On October 18, 2024, in connection with the previously announced public offering by Carlyle Secured Lending Inc. (the “Company”), the Company and U.S. Bank Trust Company, National Association, as successor trustee to The Bank of New York Mellon Trust Company, N.A. as trustee (the “Trustee”), entered into a Second Supplemental Indenture (the “Second Supplemental Indenture”, and together with the Indenture, dated as of November 20, 2023, between the Company and the Trustee (the “Base Indenture”), and the First Supplemental Indenture, dated as of November 20, 2023, between the Company and the Trustee, the “Indenture”). The Second Supplemental Indenture relates to the Company’s issuance and sale of $300,000,000 aggregate principal amount of the Company’s 6.750% Notes due 2030 (the “Notes”).
The Notes will mature on February 18, 2030 and may be redeemed in whole or in part at the Company’s option at any time or from time to time at the redemption prices set forth in the Indenture. The Notes bear interest at a rate of 6.750% per year, commencing October 18, 2024. The Company will pay interest on the Notes on February 18 and August 18 each year, beginning on February 18, 2025.
The Company intends to use the net proceeds from the offering to repay outstanding debt of the Company including the Company’s Senior Secured Revolving Credit Agreement, dated as of March 21, 2014 (as amended, modified or supplemented from time to time) among the Company, the Lenders party thereto and JPMorgan Chase Bank, N.A., as Administrative Agent, the Company’s 4.750% senior unsecured notes due December 31, 2024 and the Company’s 4.500% senior unsecured notes due December 31, 2024, to fund new investment opportunities, and for other general corporate purposes.
The Notes are the Company’s direct unsecured obligations and rank
pari passu
with all existing and future unsubordinated unsecured indebtedness issued by the Company.

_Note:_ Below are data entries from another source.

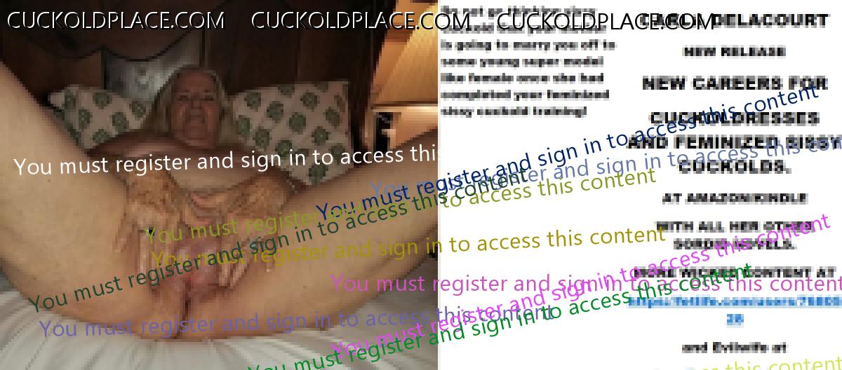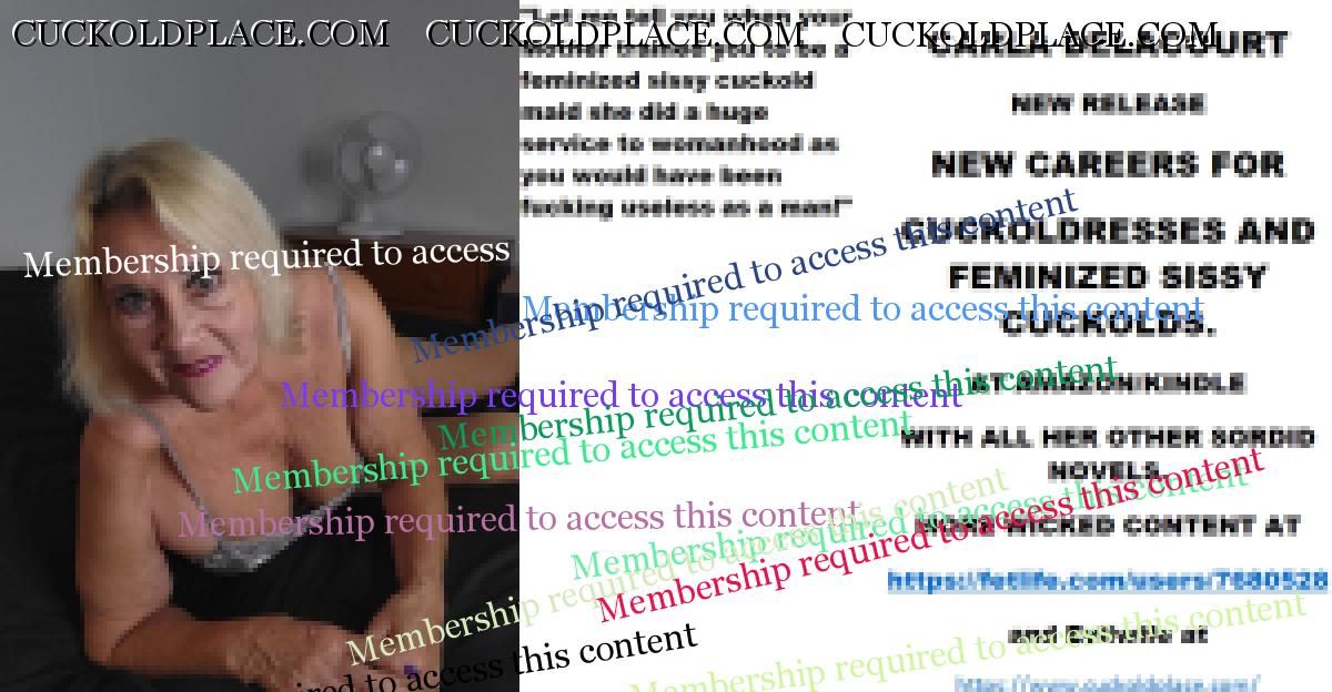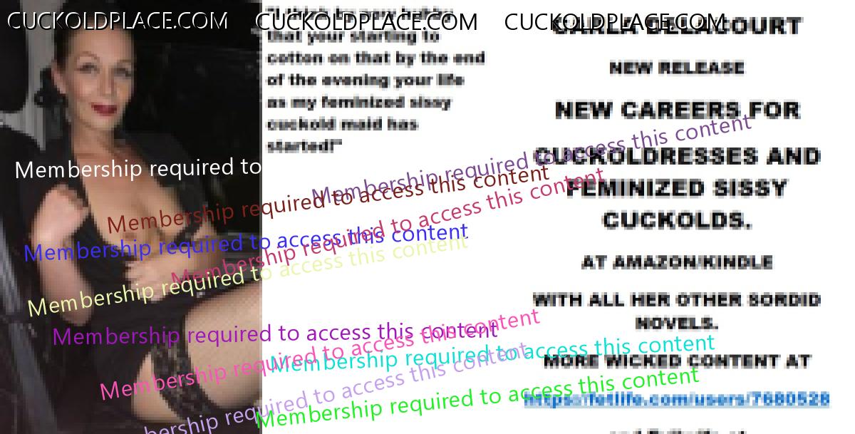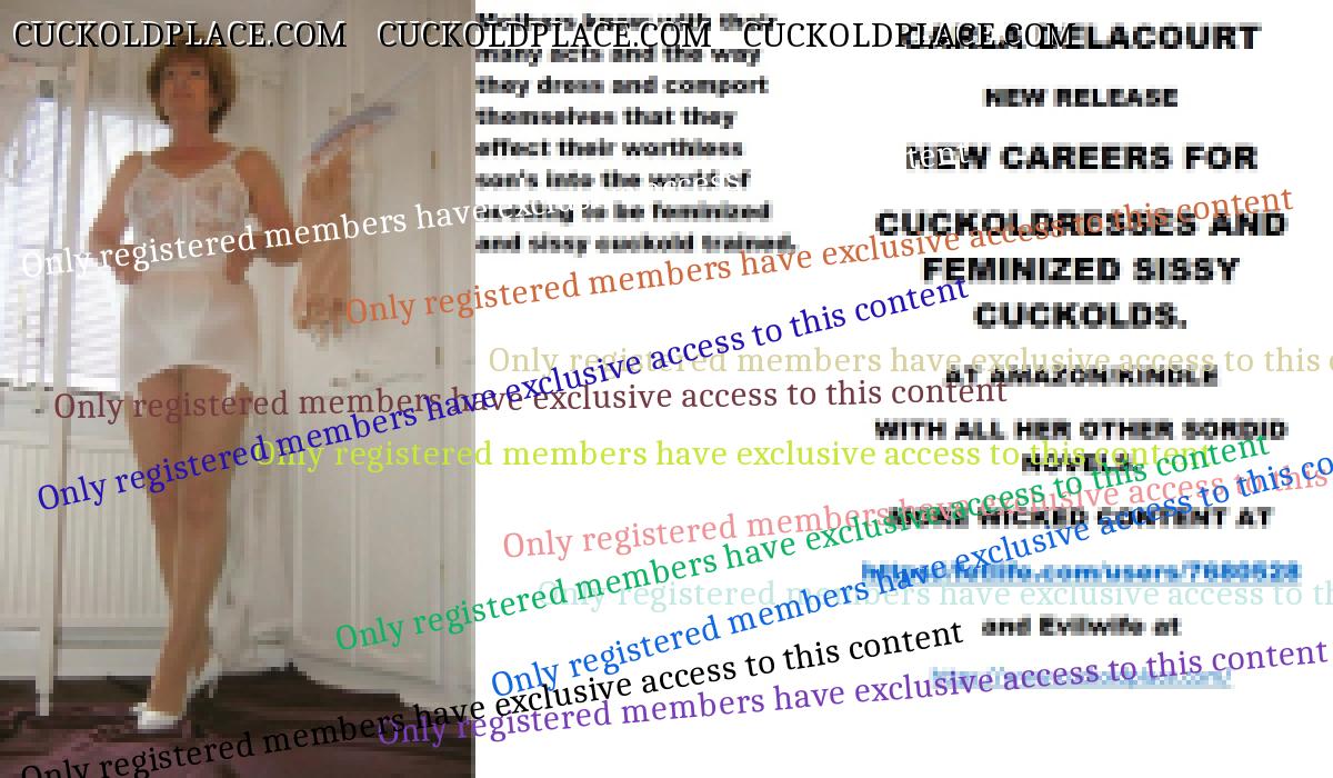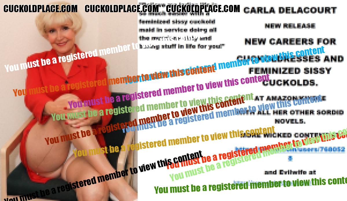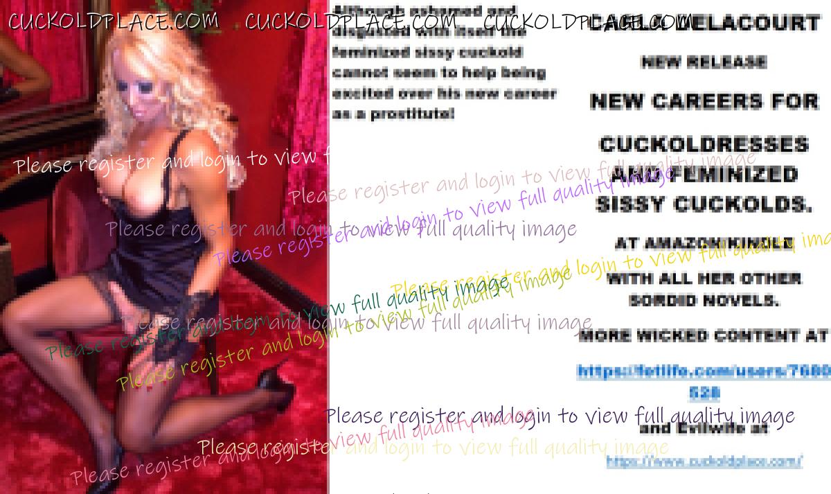 Morning all CARLA DELACOURT NEW RELEASE NEW CAREERS FOR CUCKOLDRESSES AND FEMINIZED SISSY CUCKOLDS. AT AMAZON/KINDLE WITH ALL HER OTHER SORDID NOVELS. MORE WICKED CONTENT AT The hyperlink is visible to registered members only!and Evilwife at https://www.cuckoldplace.com/
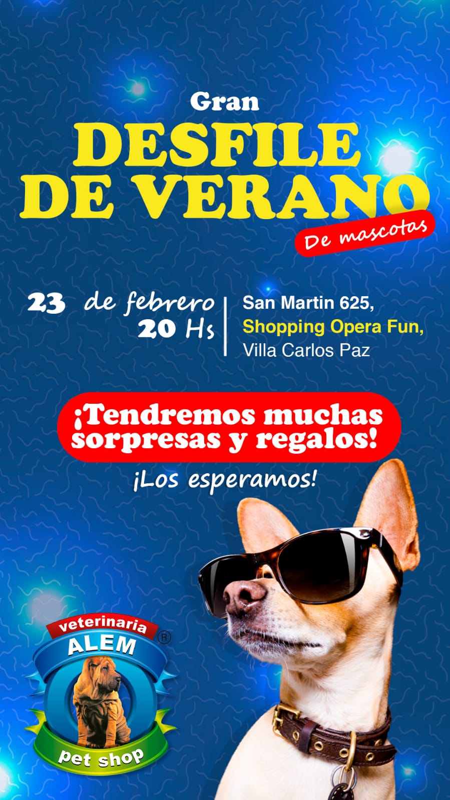 Expo Oferta, el outlet más grande del país, continúa deslumbrando en el Opera Fun de Carlos Paz hasta el 29 de febrero, para que no te pierdas ni una sola oportunidad de renovar tu guardarropa con descuentos increíbles. Pero eso no es todo, porque el viernes 23, ¡se convertirá en el escenario del Primer Desfile de Mascotas organizado por Veterinaria Alem! Un adelanto de diversión y glamour que no te vas a querer perder.
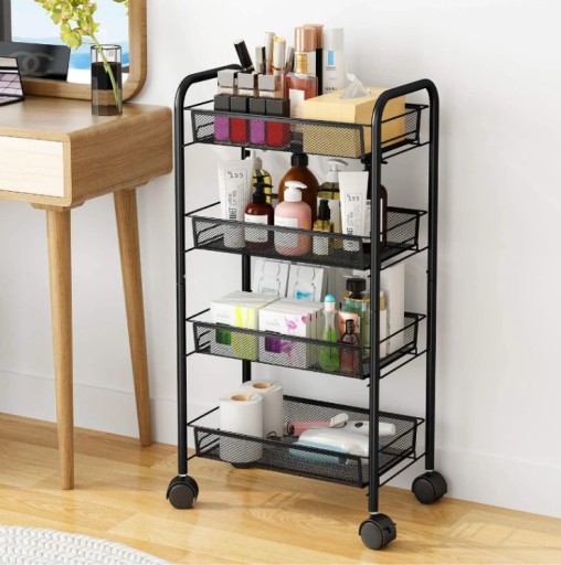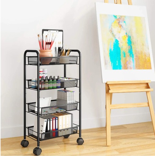 Regał mobilny w kolorze czarnym na kółkach, to prosty i praktyczny dodatek do Twojego domu! Pozwoli Ci zorganizować przestrzeń oraz oszczędzić miejsce w szafkach. Sprawdzi się w każdym pomieszczeniu, w którym potrzebujesz dodatkowej przestrzeni, dzięki swojemu estetycznemu wyglądowi, postawisz go w kuchni, salonie, sypialni czy łazience, idealnie sprawdzi się również do salonu kosmetycznego. Odsłonięte półki sprawią, ze będziesz miał szybki dostęp do niezbędnych rzeczy, a kółka pozwolą Ci z łatwością zmienić jego miejsce, bez zbędnego używania siły!
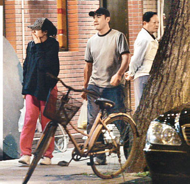 发现记者后,吴大维女伴即掩面躲避。香港东方日报图。
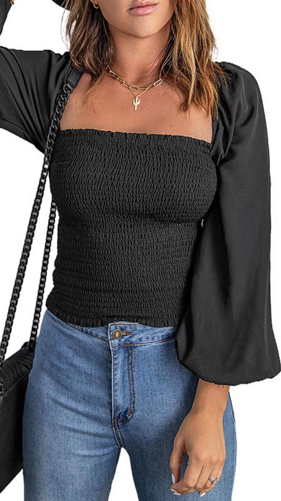 This long sleeve black shirt is the perfect addition to your wardrobe. The square neckline and smocked design are stylish and flattering. Wanna have a try?

The Indenture contains certain covenants including certain covenants
requiring
the Company to comply with Section 18(a)(1)(A) as modified by Section 61(a) of the Investment Company Act of 1940, as amended (the “1940 Act”), or any successor provisions, whether or not the Company continues to be subject to such provisions of the 1940 Act, but giving effect, in either case, to any exemptive relief granted to the Company by the U.S. Securities and Exchange Commission (the “SEC”), and to provide financial information to the holders of the Notes and the Trustee if the Company is no longer subject to the reporting requirements under the Securities Exchange Act of 1934, as amended. These covenants are subject to important limitations and exceptions that are described in the Indenture.
In addition, on the occurrence of a “change of control repurchase event,” as defined in the Indenture (which involves the occurrence of both a change of control and a below investment grade rating of the Notes by Fitch Ratings, Inc., and Moody’s Investor Service), the Company will generally be required to make an offer to repurchase the outstanding Notes at a repurchase price equal to 100% of the principal amount of such Notes plus accrued and unpaid interest to the repurchase date.
The Notes were offered and sold in an offering registered under the Securities Act of 1933, as amended, pursuant to the Company’s Registration Statement on Form
N-2
(File
No. 333-278993),
as supplemented by the Company’s preliminary prospectus supplement, pricing term sheet and final prospectus supplement, each dated October 10, 2024. The transaction closed on October 18, 2024.
The foregoing descriptions of the Base Indenture, the Second Supplemental Indenture and the Notes do not purport to be complete and are qualified in their entirety by reference to the full text of the Base Indenture, the Second Supplemental Indenture and the form of global note representing the Notes, respectively, each filed as exhibits hereto and incorporated by reference herein.